Date of first publication: 1913

Author: L. M. (Lucy Maud) Montgomery (1874-1942)

Date first posted: Mar. 24, 2017

Date last updated: Mar. 24, 2017

Faded Page eBook #20170338

This ebook was produced by: Alex White & the online Distributed Proofreaders Canada team at http://www.pgdpcanada.net



Josephine’s Husband

L. M. Montgomery

First published The Housewife, January 1913.


Zillah Gorham went swiftly up the narrow stairs and opened her bedroom door. The room was dark with the gloom of a November twilight. It was a long, cold, neat room, with four windows, three of which were shadowed by the cherry trees of the orchard and the firs behind the house.

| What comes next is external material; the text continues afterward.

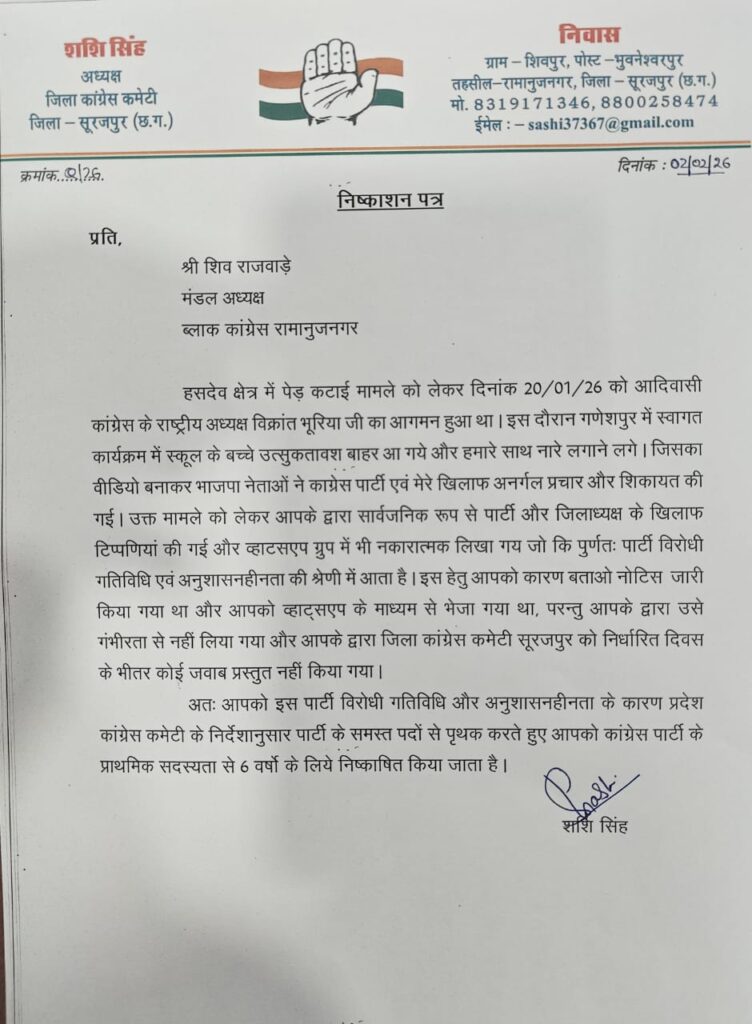 दरअसल, बीते दिनों स्कूली बच्चों के द्वारा कि गई नारेबाजी को लेकर सोशल मिडिया में किए गए पार्टी विरोधी पोस्ट पर कार्यवाही करते हुए कांग्रेस की नव नियुक्त जिला अध्यक्ष शशि सिंह ने ये आदेश जारी किया है.

The fourth looked out westward over the pond, and through a break in the willows around it to the fields and homesteads of Lower Wentworth.

Josephine was sitting listlessly by it, one hand hanging at her side, the other propping her chin on the sill. Above her head was a narrow shelf across the window, supporting some potted house plants. The tendrils of a trailing fuchsia almost touched the smooth, glossy arch of her fawn-colored hair. Her faded wrapper was loose at the throat as if she had flung it open for air, and her black brows were knotted in a frown above the large, deep-tinted hazel eyes that were such a startling contrast to her colorless face.

Zillah came forward slowly and sat down on the low, chintz-covered seat before Josephine.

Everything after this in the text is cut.